Moldavian-born rabbi and scholar (1847–1915)

Solomon Schechter (שניאור זלמן הכהן שכטר‎; 7 December 1847 – 19 November 1915) was a Moldavian-born British-American rabbi, academic scholar and educator, most famous for his roles as founder and president of the United Synagogue of America, president of the Jewish Theological Seminary of America, and architect of American Conservative Judaism. He is an important figure in Jewish studies and Jewish history, particularly his study of the Cairo Geniza.

==Early life==
He was born in Focșani, Moldavia (now Romania), to Rabbi Yitzchok Hakohen, a shochet ("ritual slaughterer") and member of Chabad hasidim. He was named after its founder, Shneur Zalman of Liadi.

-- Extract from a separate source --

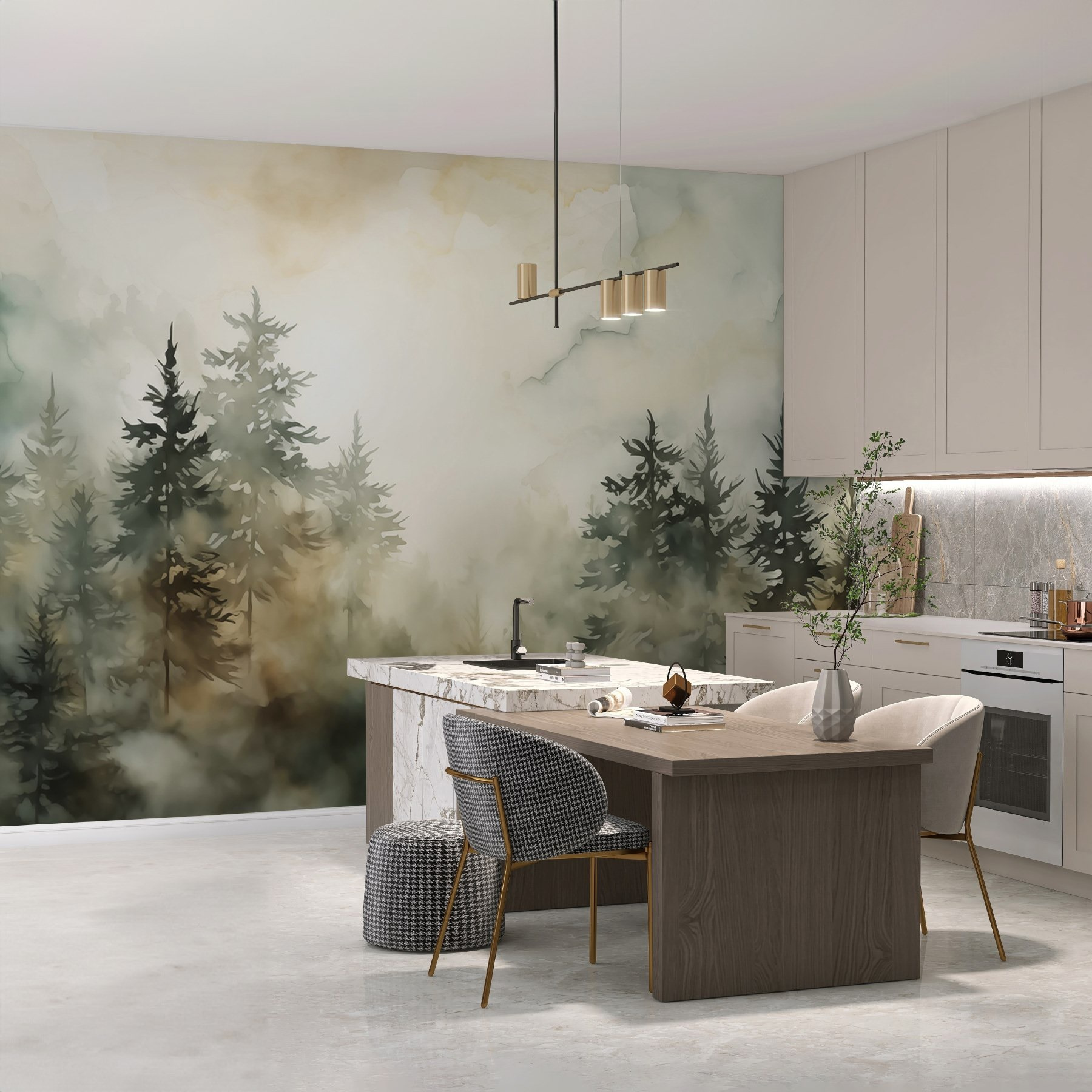 Transformați-vă spațiul cu pictura murală încântătoare “Pădure cețoasă cu copaci”. Imaginați-vă că vă treziți în fiecare zi într-o scenă senină de pădure, ceața învârtindu-se în jurul copacilor care par să șoptească secrete din natură. Această pictură murală vă învăluie camera într-o aură liniștită, făcând-o o retragere confortabilă din agitație. Perfectă pentru acele zile în care lumea exterioară pare prea zgomotoasă. Este ca și cum ai păși într-o evadare de vis de fiecare dată când te uiți la ea. Fie că găzduiți prieteni sau doar vă bucurați de un moment de liniște cu o carte, această pictură murală aduce o notă de magie și calm pe orice perete, îmbinându-se fără efort cu diferite stiluri de decor.

Schechter received his early education from his father. Reportedly, he learned to read Hebrew by age 3, and by 5 mastered Chumash. He went to a yeshiva in Piatra Neamț at age 10 and at age thirteen studied with one of the major Talmudic scholars, Rabbi Joseph Saul Nathanson of Lemberg. In his 20s, he went to the Rabbinical College in Vienna, where he studied under the more modern Talmudic scholar Meir Friedmann, before moving on in 1879 to undertake further studies at the Berlin Hochschule für die Wissenschaft des Judentums and at the University of Berlin. In 1882, he was invited to Britain, to be tutor of rabbinics under Claude Montefiore in London.

==Academic career==
In 1890, after the death of Solomon Marcus Schiller-Szinessy, he was appointed to the faculty at Cambridge University, serving as a lecturer in Talmudics and reader in Rabbinics. The students of the Cambridge University Jewish Society hold an annual Solomon Schechter Memorial Lecture.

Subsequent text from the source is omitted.